Administration officials say that the breach of the DNC by itself isn’t actionable because it qualifies as political espionage; something that the U.S. engages in along with every other nation. It’s the release of the documents to Wikileaks that could be interpreted as interference in the electoral process, although even that part has been disputed by Sean Kanuck, a former high-ranking cyber official at the Office of the Director of National Intelligence (ODNI), in his quote at the top of this article.

The bottom line is that the IC isn’t convinced that the Russian government orchestrated the leak, according to the Post:

The intelligence community has high confidence that Russian intelligence services hacked the Democratic National Committee but does not have the same level of confidence that Russia then leaked stolen committee emails to the anti-secrecy group WikiLeaks, several administration officials said.

Guccifer 2.0 and Julian Assange

Guccifer 2.0 has claimed credit for both the breach and the release of documents to Wikileaks as well as The Smoking Gun, and Julian Assange has said that he ordered the release of the DNC emails right before the Democratic convention.
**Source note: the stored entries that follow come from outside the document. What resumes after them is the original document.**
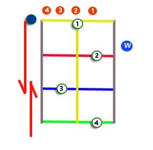 - Masing-masing garis horizontal akan dijaga oleh penjaga, namun garis vertikal hanya ditengah dijaga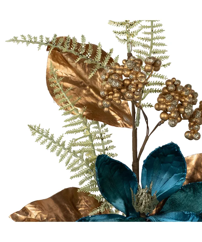 This Magnolia Teal Blue & Copper Spray from Kurt Adler is a striking and elegant decorative accessory that brings a touch of sophistication and natural beauty to your home or special occasions. This unique spray is designed to capture the beauty of magnolia blossoms in a captivating color palette of teal blue and copper, creating a visually stunning and harmonious combination.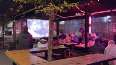 У локалима у центру Београда се још тражи место више испред телевизора, а поједини угоститељи су поставили пројекторе и у баштама.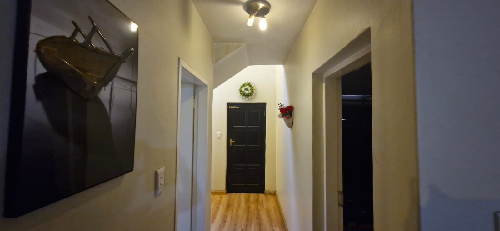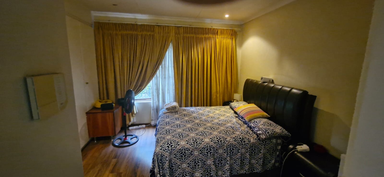 Laminated flooring adds a touch of warmth and modern elegance.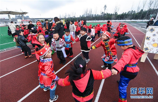 12月26日,身著少數(shù)民族服裝的孩子與同學(xué)們一起參加篝火舞活動(dòng)。當(dāng)日,浙江省長(zhǎng)興縣李家巷鎮(zhèn)中心幼兒園舉辦“炫彩民族風(fēng)歡樂(lè)來(lái)運(yùn)動(dòng)”為主題的趣味民族游戲活動(dòng)。該幼兒園有一些孩子來(lái)自壯族、苗族、布依族等少數(shù)民族。幼兒園旨在通過(guò)這種活動(dòng),讓孩子們和家長(zhǎng)共同體驗(yàn)竹竿舞、篝火舞、擲糠包等少數(shù)民族特色游戲,了解少數(shù)民族特色文化。新華社記者徐昱攝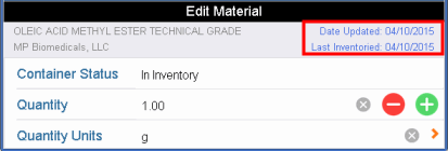 The system uses the system date to complete the Date Last Inventoried field of each instance of a material that you verify. In addition, if you make edits to a materials record, the system updates the item's Date Last Updated field. The Edit Material form reminds you of these dates in the upper right corner.

Keep in mind that there is zero evidence connecting the threat groups Cozy Bear and Fancy Bear to the Russian government or any of its intelligence services, that the GRU does Human Intelligence (HUMINT), not Signals Intelligence (SIGINT) work, and that no intelligence service except one run by Borat would use an outed threat group like Cozy Bear or Fancy Bear using its own country’s infrastructure to run a secret operation. That’s like the NSA’s TAO division using the now-outed Equation Group to attack the United Russia party headquarters from a U.S. server. It’s a ridiculous scenario on its face; made even moreso when you have Assange publicly claiming credit for the leak as part of his revenge campaign against Hilary Clinton.

Guccifer 2.0 is behaving like every other hacktivist who has popped a government or corporate entity’s server and made the contents public as a way of embarrassing the victim. This has happened dozens of times over the years to victims in Russia, China, the U.S., Israel, Japan, and India — to name just a few. Even if he’s a native Russian speaker, that tells us nothing about who he is, where he is, or who he works for.

Kudos to the Intelligence Community

Kudos to those in the Intelligence Community who are taking their time and not rushing to judgment on this matter. Actions taken against the government of Russia could have serious consequences for the U.S. The White House clearly knows this and is doing the responsible thing by pushing for certainty.

I wish that others would follow their lead instead of fueling the flames of Russophobia for their personal or corporate benefit.